A team of scientists has hacked a light-responsive protein into tadpoles, and used it as an on-off switch to suppress tumor growth. It’s a fascinating development that could one day lead to new tools for fighting cancer in humans.
Optogenetics, first developed by neuroscientists at UC Berkeley, is an exciting new field that’s precipitated a barrage of sensational headlines describing how we may one day control our thoughts, memories, and even sensation of pain using lasers. The technique involves hacking a light-sensitive opsin protein into a cell—typically, a neuron. Once embedded in the cell’s membrane, that opsin acts as an ion channel, capable of regulating the flow of charged molecules in and out of the cell. All of our cells contain ion channels, but an opsin channel is special because it can be manipulated by laser-wielding humans.
And by altering the electrical properties of cells, we can change how they communicate with one another, with far-reaching implications.
Now, for the first time, researchers are using optogenetics to target cancer. In a study published in the journal Oncotarget, a team of biologists led by Tufts University’s Michael Levin has hacked a light-sensitive protein into frog embryos. The embryos were also given a genetic predisposition to cancer, leading many to develop tumors shortly after hatching. When the team shined blue laser light on their cancer-ridden tadpoles, the light-sensitive proteins were activated, altering the voltage of the cells. This caused about a third of the tumors to stop developing.

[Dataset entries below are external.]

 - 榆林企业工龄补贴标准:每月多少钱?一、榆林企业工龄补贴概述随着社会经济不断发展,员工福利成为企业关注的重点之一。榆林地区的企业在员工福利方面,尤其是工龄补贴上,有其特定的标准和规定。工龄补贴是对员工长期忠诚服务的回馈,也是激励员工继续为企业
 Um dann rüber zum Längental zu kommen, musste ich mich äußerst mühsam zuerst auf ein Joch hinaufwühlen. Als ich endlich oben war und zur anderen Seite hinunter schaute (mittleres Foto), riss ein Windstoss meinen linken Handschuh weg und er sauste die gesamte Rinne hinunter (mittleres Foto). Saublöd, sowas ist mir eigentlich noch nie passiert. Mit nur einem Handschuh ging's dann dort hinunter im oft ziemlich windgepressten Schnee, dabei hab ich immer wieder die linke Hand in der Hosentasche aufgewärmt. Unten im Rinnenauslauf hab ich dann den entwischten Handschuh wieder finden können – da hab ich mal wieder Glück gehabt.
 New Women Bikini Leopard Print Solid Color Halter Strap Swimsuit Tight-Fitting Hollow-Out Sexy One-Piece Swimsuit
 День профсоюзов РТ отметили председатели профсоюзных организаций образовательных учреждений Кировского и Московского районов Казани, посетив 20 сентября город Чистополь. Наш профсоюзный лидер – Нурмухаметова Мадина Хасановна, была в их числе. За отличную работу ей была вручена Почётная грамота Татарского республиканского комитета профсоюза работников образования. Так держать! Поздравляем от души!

“They’ve reprogrammed the cancer cells, by altering the electrical status of the cell,” Saverio Gentile at Loyola University Chicago told New Scientist. “They are not cancer cells anymore.”

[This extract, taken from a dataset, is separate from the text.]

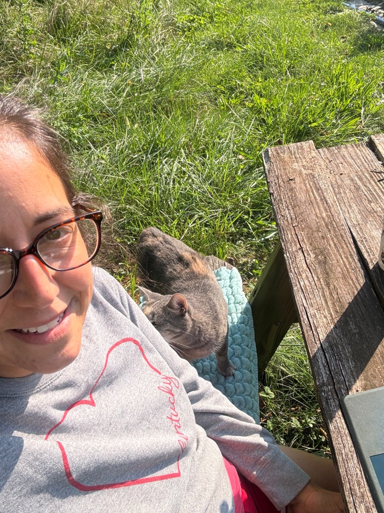Perriee is at the farmers market selling some flowers and garlic today. I am home for the next couple of days in between week one of four weeks of treatments up in Northern Kentucky, so she let me stay home to fill my cup with cats, the land and our home. If you want to know what is goin on in treatment land, feel free to ask (long story, short, I should be fine), but what I really want to share is what I filled my time with when I was NOT doing that (although the people I interacted with there are lovely too, plus the flowers I brought them Monday were there every day to look at when I was coming and going which made MY days brighter). Get you a life partner who supports you like Perriee supports me. She is my angel incarnate.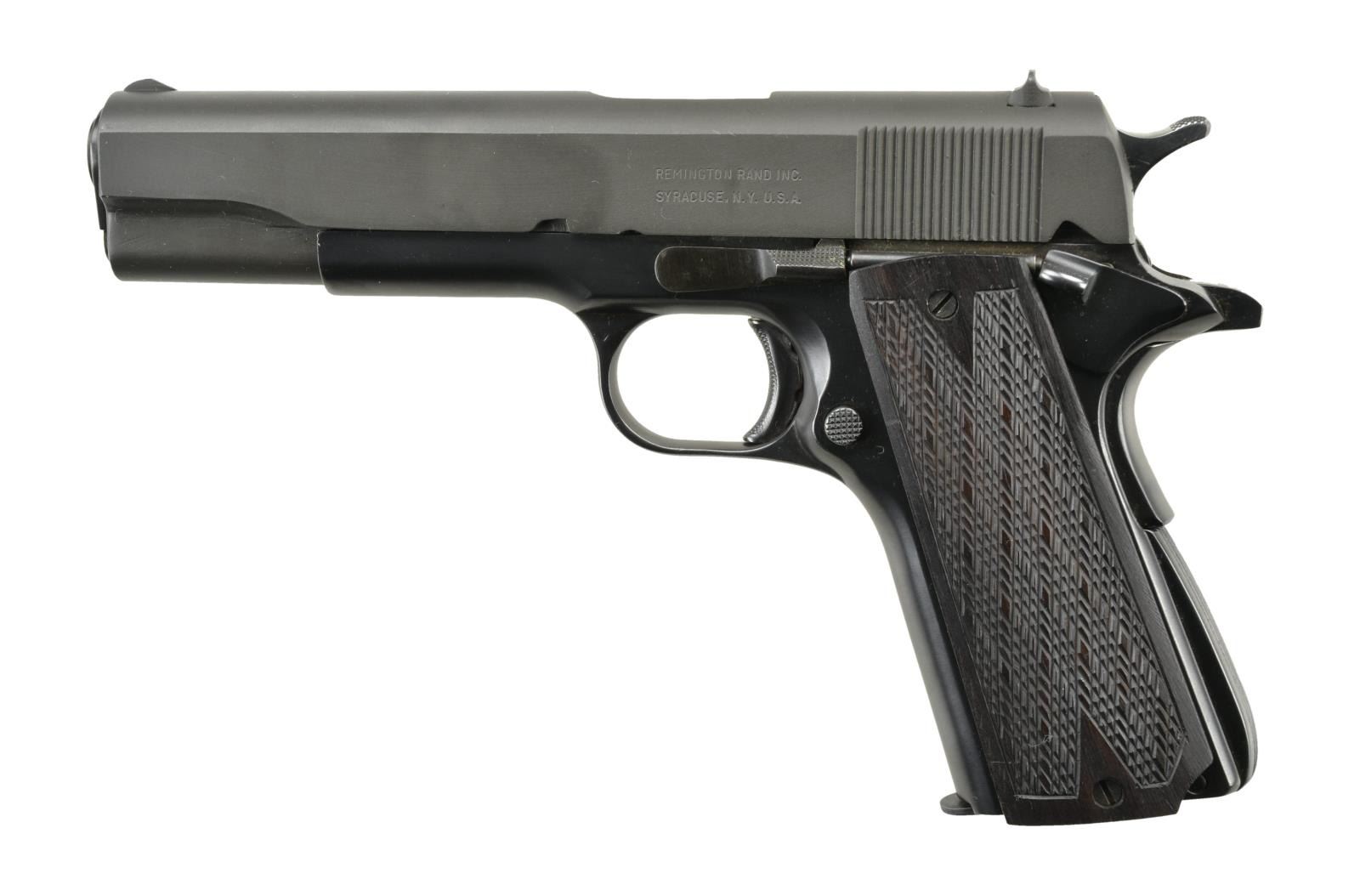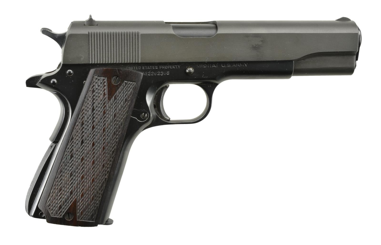 Cal. 45 ACP. S# 2262368. Bbl. 5" Colt Type 6 w/ marking on top reading rear to front; boxed C on left leg. Mfg. 1945 w/ frame having all correct features including 7 rib arched mainspring housing. Checkered thumb safety & undercut slide lock. Ordnance mark & faint "GHD". Left side of trigger guard w/ "VP" proof plus "F"; "91" on right. Parkerized Remington Rand slide w/ blued extractor & firing pin retainer. Thick skip line checkered dark hardwood grips retained by added drilled & tapped screws at extreme top & bottom of grips. MAGS: 1 very good 7 rd. marked "COLT .45 AUTO". CONDITION: very good overall appearance w/ commercial quality reblued frame. Hammer polished to chrome like appearance. Lanyard loop cut flush w/ housing before bluing. 5 extra drilled & tapped holes on each side of frame under grips providing for various grip attachments; installation of bushings would regain normal functioning. Near excellent slide & bbl. including bore. Very good trigger pull & near excellent grips. (22-2401/NW). CURIO. $500-800.

While it’s an undeniably cool proof-of-concept, and while it’s always great to hear about new ways of targeting tumors without drugs or radiation, we shouldn’t expect optogenetics-based cancer treatments anytime soon. For one, cancer in frogs is not the same as cancer in humans, and it’s unclear at this stage how easily the method can be ported over to mammalian cells.
More importantly, organisms aren’t primed for optogenetics by default. To treat humans using light, we’d have to hack light-sensitive proteins into humans. Perhaps we could develop some sort of optogenetics-based gene therapy that specifically targets tumors, but at this point, the complexity and potential side-effects of such a treatment are entirely unknown.
Once again, optogenetics has offered us a glimpse of a weird and fascinating future. The real-world plausibility of that future is still a big question mark.